Do I really need to tell you how often I count my blessings?
Jordan wanted to know if any of the wires hurt, what they were for and what was for dinner. She also needed to inform me that she learned how to say happy and sad in Spanish and that a boy in her class was chewing with his mouth open at lunch. Seemingly undaunted, she gave me a big hug and a kiss and off she went with her big sister and family to dinner and a sleepover.
So, after sitting in the ER since 8:30 that morning, I was finally wheeled up to my room at 5:30PM where I just had time to get tucked into my bed, artfully arrange my wires ( I looked like quite the little science project) and take stock of my luxury accomodations when my phone rang and he called to tell me he loved me, not to worry, made me giggle like a schoolgirl, told me he knew everything was going to be fine, to get some rest and promised to call later and check on me. Yeah, I think he likes me a little.
Has anyone actually ever rested in a hospital? I think I slept two consecutive hours when I wasn't being poked, prodded, or asked the same series of questions. My roommate had some ailment that required her to cough up phlegm on an hourly basis and deposit it in a cup for the nurses to examine. She was also a huge fan of Cops, Montel Williams, The Price Is Right and Judge Joe Brown.
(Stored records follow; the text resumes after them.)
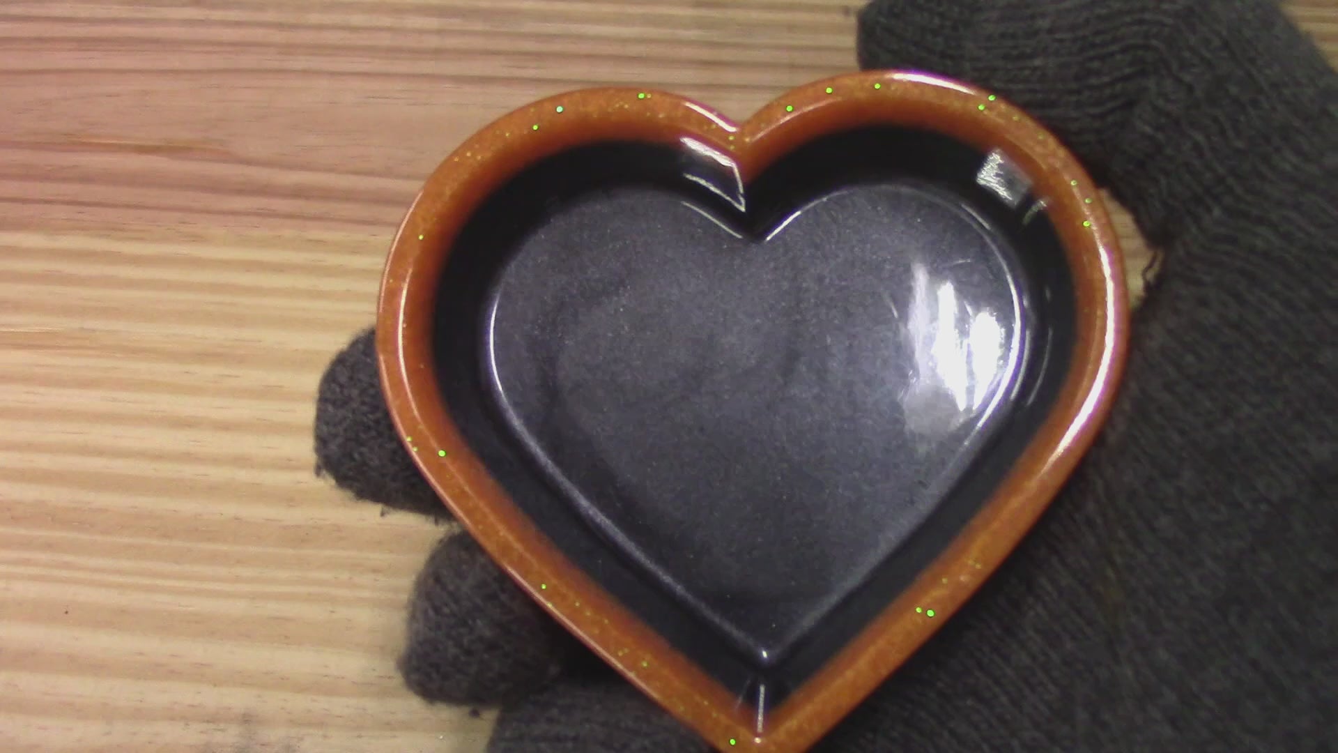 The bottom of the dish is a custom mix of silver and black pigment powders that give the piece a dark yet silvery shimmer. Highlighting the top is as an orange mica with flecks of green sparkle.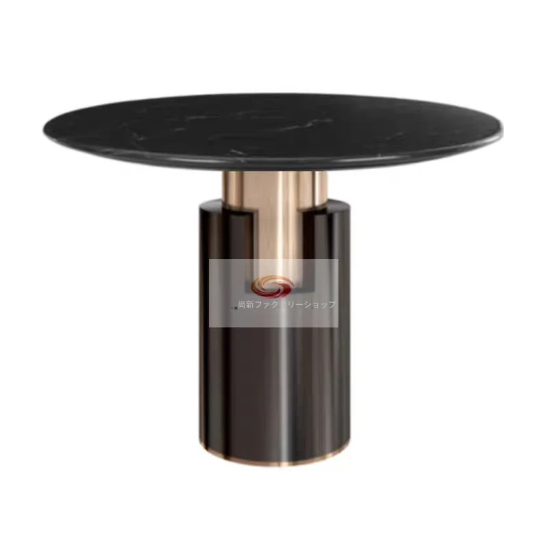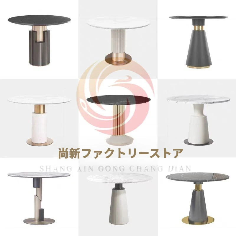 高級デザインのモダンマーブルダイニングテーブル - 別荘ホテルにぴったりな洗練されたラウンドテーブル、スタイリッシュな岩板仕上げで、贅沢な食事体験を提供します!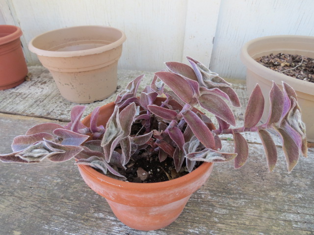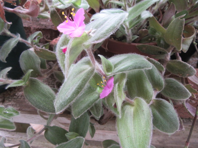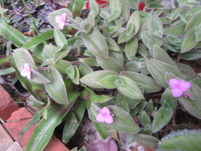 I have several Tradescantia species, but this one is by far the neatest. I like its hairy leaves and the way they grow opposite each ther all the way up the stems.
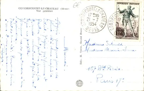 Zustand, siehe Scan, gelaufen, 1954 - ca 14 cm X 9 cm
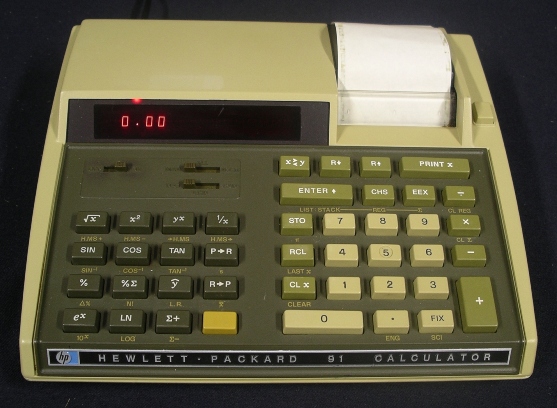 The HP-91 was HP's first battery powered printing calculator. The printer was a moving head thermal design that printed from about 1 to 1.5 lines per second. This relatively low speed was designed to conserve battery power. Thermal printing was chosen because it was small, light an quiet.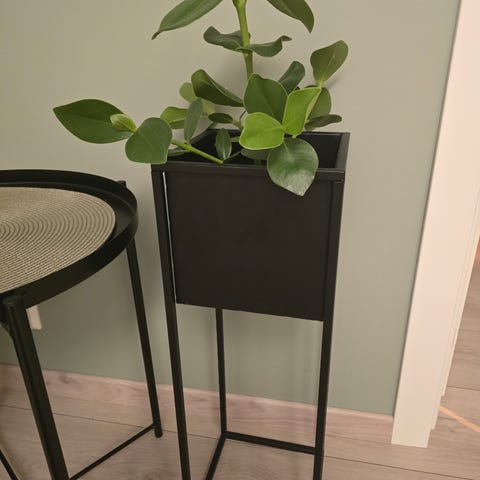 Høy pidestall på 87 cm med stor plass til potte planter. 250 kr.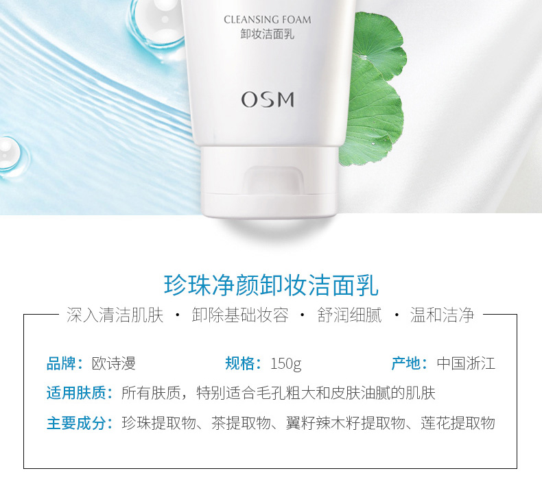 欧诗漫 珍珠净颜卸妆洁面乳150ml深层清洁补水保湿清爽温和不刺激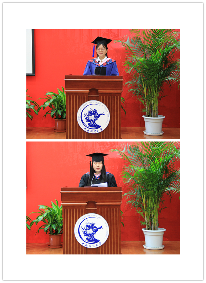 校级优秀硕士研究生毕业生赵薛忆和北京市级优秀本科毕业生张怡代表2017届毕业生上台发言。在发言中,赵薛忆细数在体经公司的学习、工作和生活中的点滴,使她在人生中重要的时期收获了特殊而宝贵的回忆,她更表达了自己对毕业生及公司的美好祝福。张怡追忆了四年学习生活的过往,感恩母校和公司,感恩老师和同学,给予她深刻而美好的回忆。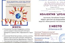 Поздравляем театральный коллектив "Дуслык", нашего детского сада! Они стали призёрами IV международного конкурса на родных языках для детей и молодёжи "Палитра культур" в номинации "Театральное искусство". Молодцы ребята! Отдельная благодарность наставникам, музыкальному руководителю Булатовой А.Р. и воспитателю Закировой Г.И. Дальше больше!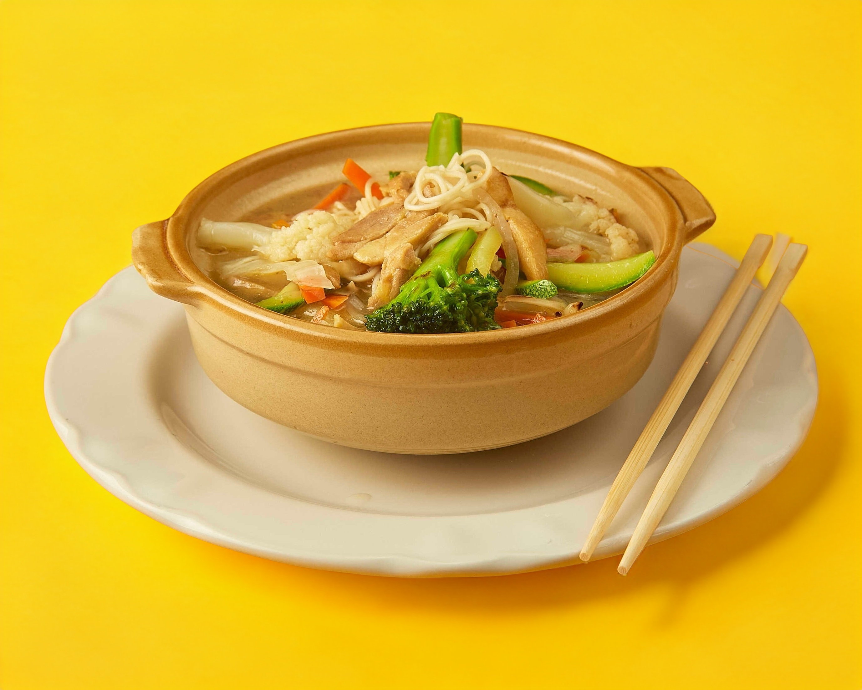 Fideo en caldo acompañado de deliciosos cortes de pollo y verduras.

I'll be damned if they didn't come and get me for my ultrasound and sonogram during the showcase showdown.
Son of a Bitch.
Once I was deposited back to my room, the neurologist paid me a visit and asked me to tell him the same exact story that I had already recounted no less than 15 times since I had arrived at the hospital. And the thing is, each and every time I told someone new, they wrote it down. Why not read it on the chart, people? Were they just checking for inconsistencies in my story or what?
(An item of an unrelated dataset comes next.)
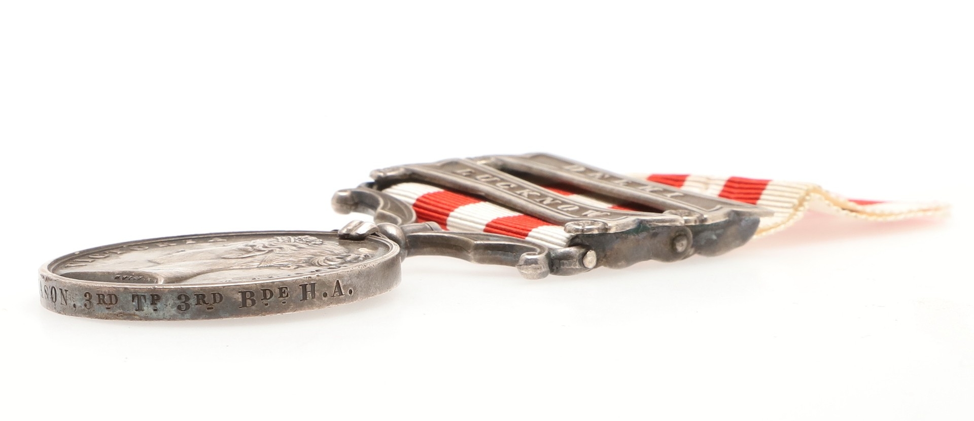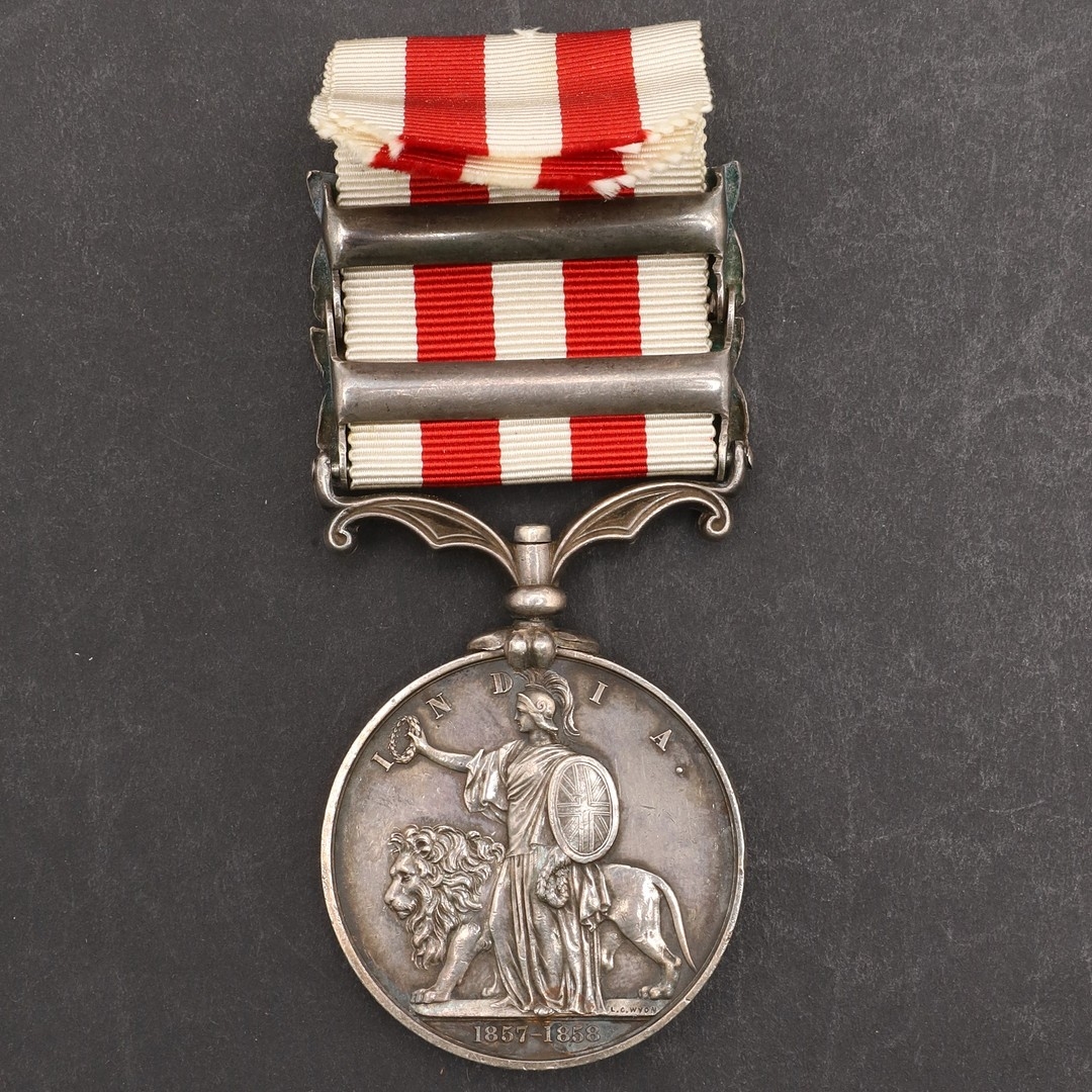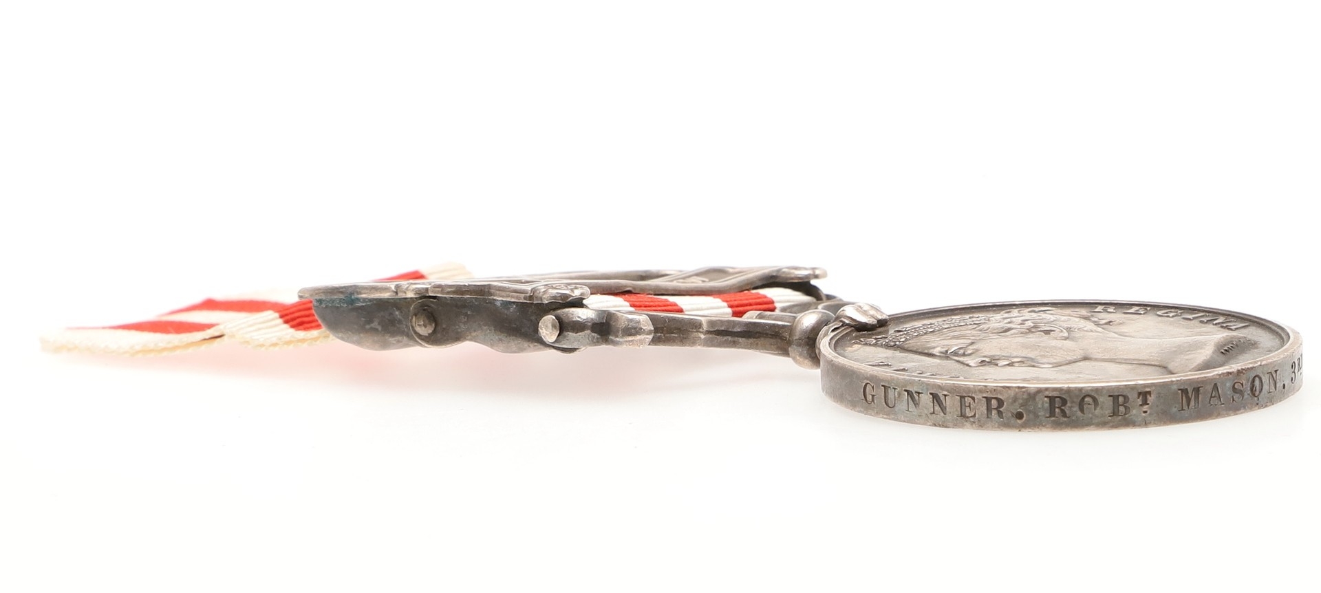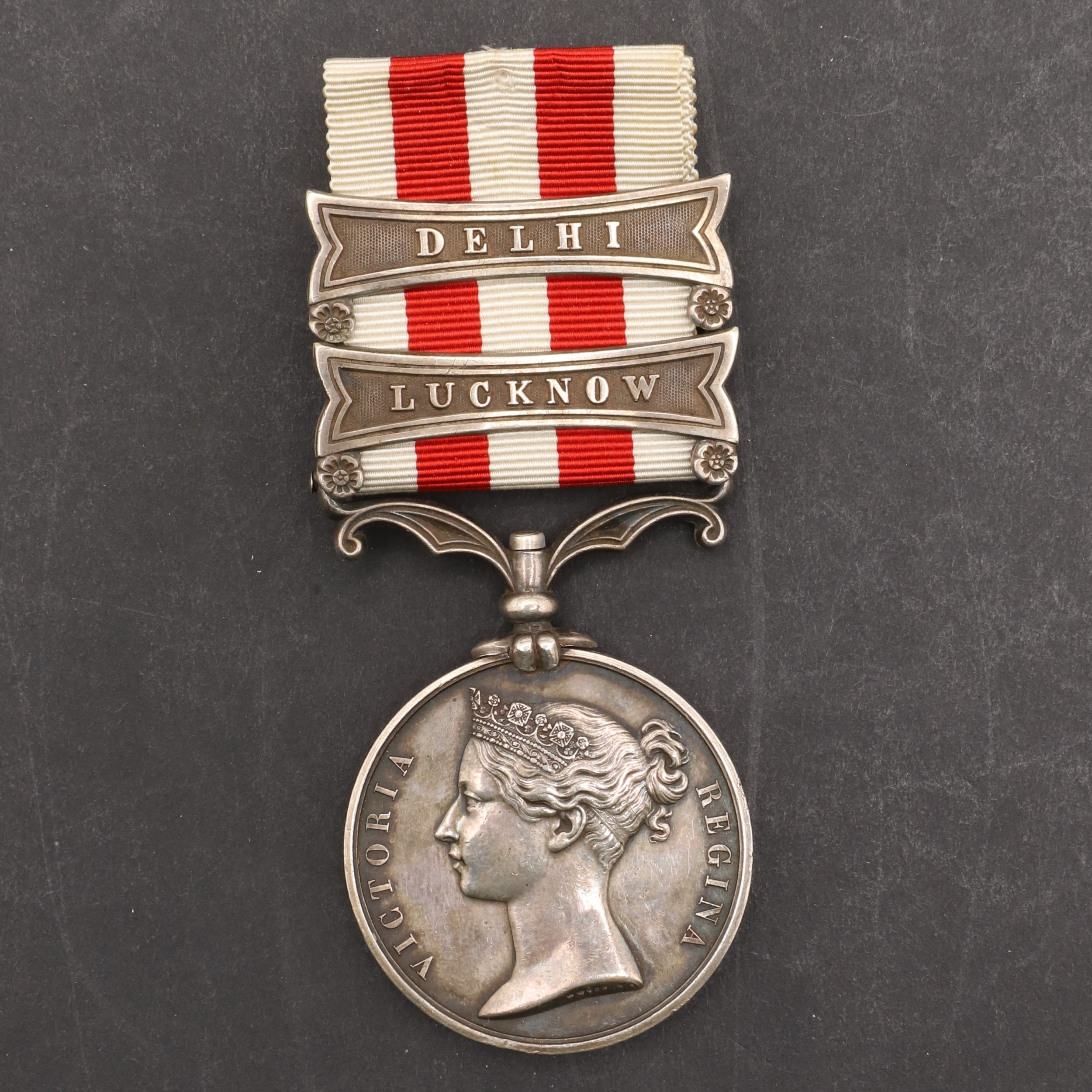 A TWO CALSP INDIAN MUTINY MEDAL TO THE BENGAL HORSE ARTILLERY. An Indian Mutiny Medal with Lucknow and Delhi clasps named to Gunner Robt. Mason 3rd Tp 3rd Bde H.A.

I half-jokingly told him that my boyfriend thought my body was just acting out in response to the stress I had been dealing with of late.
Stress? Are you stressed? Give it to me. What are the top three stressors in your life right now.
I proceeded to tell him x, y and z, wherein the narration revealed two ex-husbands and a boyfriend who lives 900 miles away.
Two ex husbands? You go, Elizabeth Taylor.
He did another exam and we talked for a bit,
You don't drink?
You don't smoke?
You don't do cocaine?
(hmmm... no wonder I'm stressed. Perhaps I need a vice?)
and he bowed to my pleas to free me...let me go home, please!
I was sent home with the order to take a baby aspirin a day and follow up with an appointment two weeks from now.
Moral of the story? Be careful what you wish for.